En même temps, une grande phase d'études est lancée et doit déterminer les grandes lignes du projet de l'île de Nantes. Outre la question de réaménager cette partie ouest de l'île, les architectes Dominique Perrault et François Grether imaginent une requalification de l'ensemble du territoire.

Les Nefs Dubigeon

En 1996, le fleuve est placé au centre de la stratégie territoriale. Il en convient de lui donner l'exclusivité dans ce projet urbain d'envergure.

Après plus de 10 ans de réflexion et d'études menées de longue haleine, les travaux débutent en 2002 sous la houlette d'Alexandre Chemetoff, architecte désigné pour 10 ans à la transformation et la mutation de l'Île de Nantes.

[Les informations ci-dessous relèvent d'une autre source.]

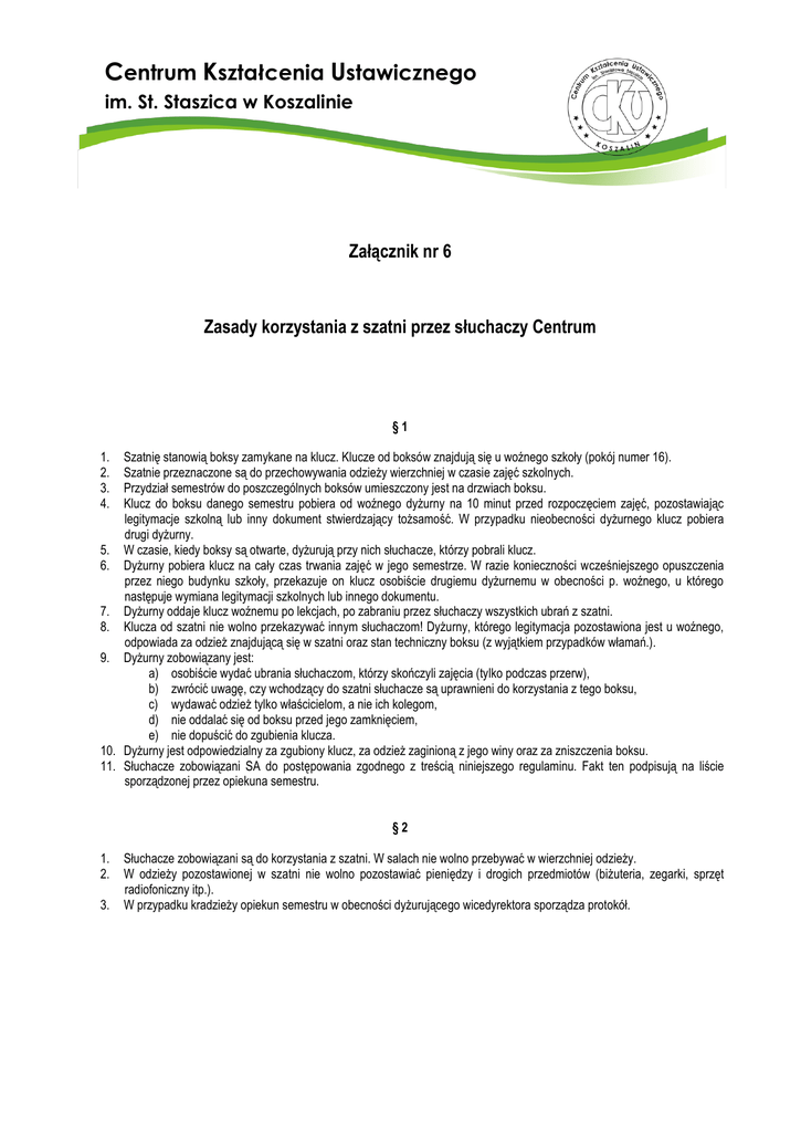 Centrum Kształcenia Ustawicznego im. St. Staszica w Koszalinie Załącznik nr 6 Zasady korzystania z szatni przez słuchaczy Centrum §1 1. 2. 3. 4. Szatnię stanowią boksy zamykane na klucz. Klucze od boksów znajdują się u woźnego szkoły (pokój numer 16). Szatnie przeznaczone są do przechowywania odzieży wierzchniej w czasie zajęć szkolnych. Przydział semestrów do poszczególnych boksów umieszczony jest na drzwiach boksu. Klucz do boksu danego semestru pobiera od woźnego dyżurny na 10 minut przed rozpoczęciem zajęć, pozostawiając legitymacje szkolną lub inny dokument stwierdzający tożsamość. W przypadku nieobecności dyżurnego klucz pobiera drugi dyżurny. 5. W czasie, kiedy boksy są otwarte, dyżurują przy nich słuchacze, którzy pobrali klucz. 6. Dyżurny pobiera klucz na cały czas trwania zajęć w jego semestrze. W razie konieczności wcześniejszego opuszczenia przez niego budynku szkoły, przekazuje on klucz osobiście drugiemu dyżurnemu w obecności p. woźnego, u którego następuje wymiana legitymacji szkolnych lub innego dokumentu. 7. Dyżurny oddaje klucz woźnemu po lekcjach, po zabraniu przez słuchaczy wszystkich ubrań z szatni. 8. Klucza od szatni nie wolno przekazywać innym słuchaczom! Dyżurny, którego legitymacja pozostawiona jest u woźnego, odpowiada za odzież znajdującą się w szatni oraz stan techniczny boksu (z wyjątkiem przypadków włamań.). 9. Dyżurny zobowiązany jest: a) osobiście wydać ubrania słuchaczom, którzy skończyli zajęcia (tylko podczas przerw), b) zwrócić uwagę, czy wchodzący do szatni słuchacze są uprawnieni do korzystania z tego boksu, c) wydawać odzież tylko właścicielom, a nie ich kolegom, d) nie oddalać się od boksu przed jego zamknięciem, e) nie dopuścić do zgubienia klucza. 10. Dyżurny jest odpowiedzialny za zgubiony klucz, za odzież zaginioną z jego winy oraz za zniszczenia boksu. 11. Słuchacze zobowiązani SA do postępowania zgodnego z treścią niniejszego regulaminu. Fakt ten podpisują na liście sporządzonej przez opiekuna semestru. §2 1. 2. 3. Słuchacze zobowiązani są do korzystania z szatni. W salach nie wolno przebywać w wierzchniej odzieży. W odzieży pozostawionej w szatni nie wolno pozostawiać pieniędzy i drogich przedmiotów (biżuteria, zegarki, sprzęt radiofoniczny itp.). W przypadku kradzieży opiekun semestru w obecności dyżurującego wicedyrektora sporządza protokół.

Le « site des chantiers », ainsi qu'il est aujourd'hui surnommé, reprend vie sous une autre forme. Les gigantesques nefs d'assemblages sont réhabilitées, ainsi que la Maison des Hommes et des Techniques ; les cales no 1, 2 et 3 sont défrichées et mises en valeur, afin de souligner 250 ans de construction navale du site ; les bords de Loire sont redessinés, des parvis sont créés, des quais rénovés…

  • Après plus de 5 ans de travaux, le site a été totalement transformé pour laisser la place à un vaste parc public de 13 hectares baptisé parc des Chantiers[1]. L'ensemble des quais est ainsi accessibles et offre une belle promenade le long du bras de la Madeleine ; divers jardins luxuriants, exotiques ou sauvages sont aménagés sur l'ancienne friche industrielle ; une plage urbaine et une plaine de jeux marquent la polyvalence du site…
    Les nefs d'assemblages, situées le long du boulevard Léon-Bureau, abritent désormais les célèbres Machines de l'île, alors que la Maison des Hommes et des Techniques devient en quelque sorte un musée retraçant l'histoire de la navale.
  • De plus, la partie sud du site des chantiers, le long du boulevard de la Prairie-au-Duc, fait l'objet d'une importante opération d'urbanisme qui doit donner naissance à l'« écoquartier de la Prairie-au-Duc » qui, à terme, devrait accueillir 380 logements (pour près de 3 000 personnes), des bureaux, des services, des commerces… de part et d'autre du boulevard (le site des anciens hangars du Sernam, à l'ouest de la Gare de l'État, sont également compris dans périmètre d'aménagement)[2],[3]. Les premières livraisons ont été effectuées en 2012, avec l'inauguration de l'« école Aimé Césaire »[4].
  • Depuis peu, la construction de navires est relancée grâce à l'association La Cale 2 l'île, qui a entre autres mis à l'eau le 27 juin 2009 la réplique du Saint-Michel II, un voilier de 20 mètres ayant appartenu à l'écrivain nantais Jules Verne. L'association est installée à l'intérieur même de la cale no 2, récemment réhabilitée, et dispose d'un hangar pour la construction de ses navires à proximité.
  • La salle à tracer les gabarits de coque située sur le site de Chantenay fait l'objet d'une réhabilitation par l'agence d'architecture AIA associés qui va s'y installer[5].

Sauvegarde du patrimoine[modifier | modifier le code]

À partir de 1980, des salariés des Chantiers Dubigeon-Normandie souhaitent créer un lieu pour la sauvegarde de l'histoire de la construction navale à Nantes.

En 1986, est créée dans ce but l'Association Histoire de la construction navale à Nantes (AHCNN).

Cette association a pour but de sauvegarder et de collecter le patrimoine de la construction navale à Nantes. Elle agit dès la fermeture des Chantiers en 1987 pour collecter et sauver archives et documents. À partir de 1996, l'association permet au groupe marin Scouts de France « Jacques Cassard » d'installer ses locaux dans la cale de lancement numéro deux.

Le , plusieurs associations et institutions : l’AHCNN, le Centre d'histoire du travail, l’Association des comités d'entreprise de Nantes et région (ACENER), l’Association pour le développement de l'Inventaire dans les Pays-de-Loire (Ministère de la Culture), la Ville de Nantes, créés ensemble l'association Maison des Hommes et des techniques qui gère dès lors, l'ancien bâtiment réhabilité des Ateliers et Chantiers de Nantes. Celui-ci accueille désormais un centre de documentation et des salles d'exposition, dont l'une permanente est baptisée Bâtisseurs de navires.